Is $$\frac{1}{x-y}<y - x$$?

(1) $$y$$ is positive, clearly insufficient, as no info about $$x$$;
(2) $$x$$ is negative, also insufficient, as no info about $$y$$;

(1)+(2) We have $$y=positive$$ and $$x=negative$$, thus $$y>x$$ (this can be rewritten as $$y-x>0$$ or $$0>x-y$$). Now: $$LHS=\frac{1}{x-y}=\frac{1}{negative}=negative$$, and $$RHS=y-x=positive$$ thus $$\frac{1}{x-y}=negative<y-x=positive$$. Sufficient.

Why can't we do the following rephrase?

1/(x-y) < (y-x)

-1/(y-x) < (y-x)

-1 < (y-x)^2

since the RHS is a square, irrespective of x and y values the equation is satisfied.

The point is that we don't know whether y-x is positive or negative.
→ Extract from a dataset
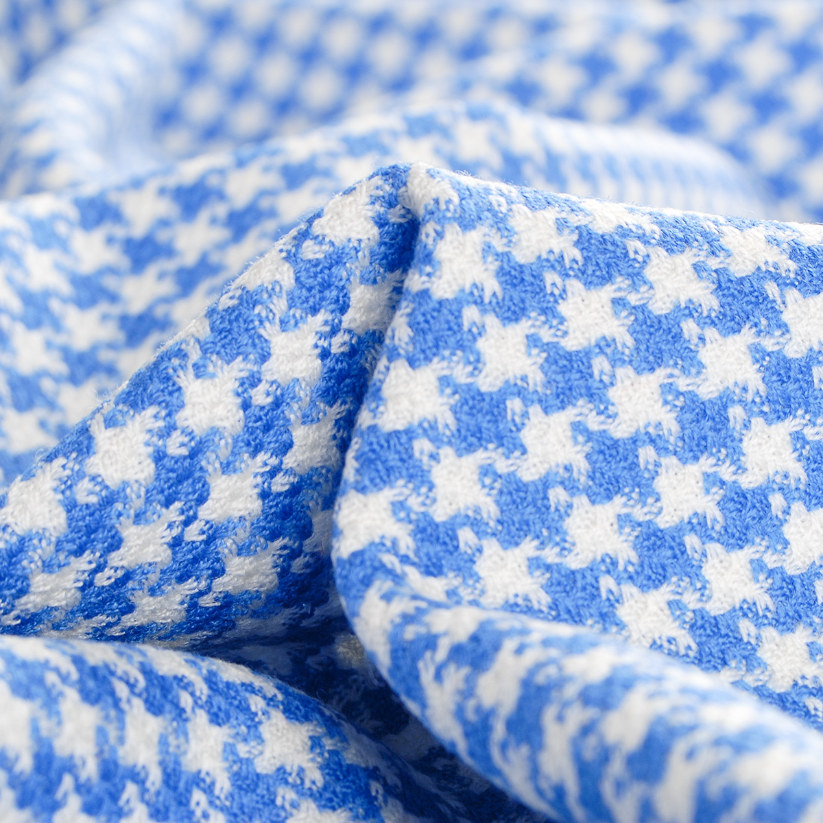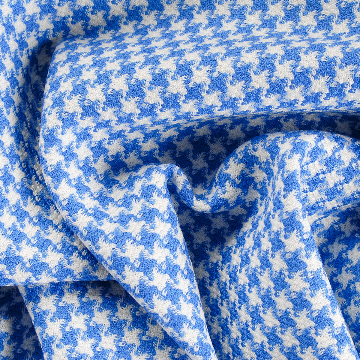 Kostýmová vlněná látka vzro pepito nebo i kouhotí stopa v barvách modré a bílé. Látka je středně silná, s matným povrchem, je lehce splývavá a pružná svou vazbou.

If it's positive, then yes we'd have -1 < (y-x)^2 but if it's negative, then we'd have -1 > (y-x)^2 (flip the sign when multiplying by negative value).

Never multiply (or reduce) an inequality by variable (or by an expression with variable) if you don't know the sign of it or are not certain that variable (or expression with variable) doesn't equal to zero.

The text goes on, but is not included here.